Resort home market cooling off
By Andrew Gomes
Advertiser Staff Writer
Strong demand for Hawai'i residential resort properties pushed sales prices and volume to record levels last year, but the market this year appears to be cooling, according to a new report.
New and previously owned properties — including luxury villas and vacant lots at resorts from Ka'anapali to Ko Olina — generated sales of $2.86 billion last year, up 43 percent from $2 billion a year earlier, according to data compiled by local market researcher Ricky Cassiday.
The number of transactions rose 10 percent to 2,289 from 2,078, and the average selling price was up 30 percent to $1.25 million from $961,881 during the period.
But 2005 likely will be the market's peak, because preliminary sales data for the first three months of this year indicate sales are declining and average prices are plateauing, Cassiday said.
"Our current assumption is that the trends will continue, with the pendulum swinging back toward favoring buyers relative to sellers," he said.
"Higher (interest) rates, sticker shock, buyer exhaustion will be eating away at the strong demand."
The expected slowdown for resort home property this year mirrors the state's primary, non-resort housing market where economists project sales will fall, but prices will rise close to 10 percent.

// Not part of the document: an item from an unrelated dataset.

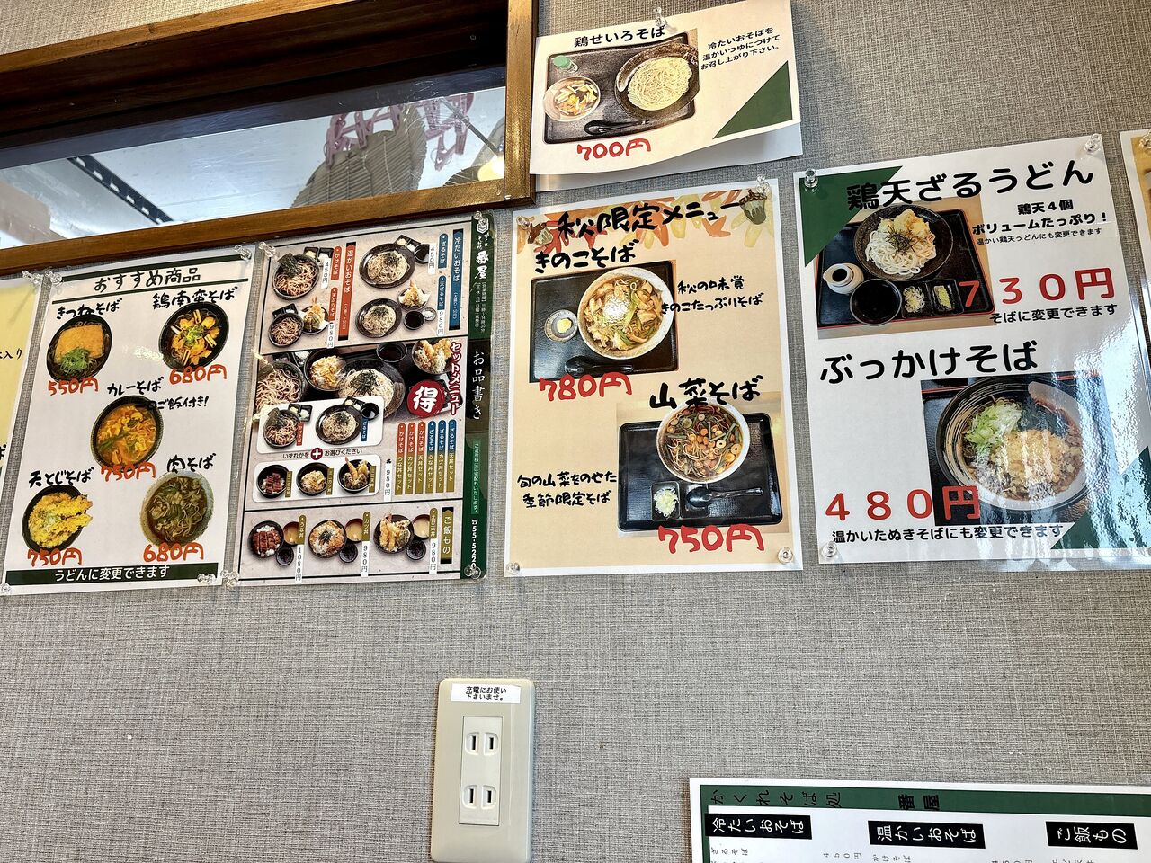 壁面のメニュー

Cassiday said he expects resort home prices will rise in the single-digit percent range, while the number of sales will decrease by around 10 percent.
Local residents are fueling the primary housing market, while the resort-home market is being dominated by condominium buyers from the Mainland retiring in Hawai'i or acquiring second homes.
Even with the expected slowdown, Cassiday said 2006 should be the second best year for Hawai'i's resort-home market.
Cassiday expects the market to find new strength as buyers from Japan return in larger numbers, and affluence spreads in developing parts of the world such as Korea, China and India.
"Hawai'i has always been attractive to the affluent," he said, noting that strong demand for resort homes was seen during the oil boom of the mid-'80s, followed by the Japanese bubble economy, the dot-com phenomena and the recent U.S. real estate boom.
Mary Hakoda, principal broker of Island of Lana'i Properties, said buyers have been "extremely receptive" to a three- and four-bedroom oceanfront condo project called The Palms at Manele Bay.
Of 16 units released for sale in June 2005, 12 have sold, and a second phase of 22 units is being put on the market for $2.3 million to $2.8 million.
"We anticipate sales of The Palms to remain strong through the end of the year," Hakoda said.
Cassiday's report showed that there were 10 resort home sales on Lana'i last year. O'ahu had 279, and Kaua'i had 634. There were 653 sales on Maui, which for the first time yielded the top spot for resort-home property sales to the Big Island, where there were 713 sales last year.
The highest average price by island was $1.65 million on the Big Island, followed by $1.46 million on Maui, $903,523 on O'ahu and $731,960 on Kaua'i. Figures for Lana'i were not available.
The highest single price for a resort home property was $20.6 million for 35,000 square feet of land at Kuki'o, a gated oceanfront golf community on the Big Island. The Kuki'o lot, which was the highest single resort home property sale since a $16.5 million transaction in 2002, was initially purchased in 2002 for $12 million, according to property records.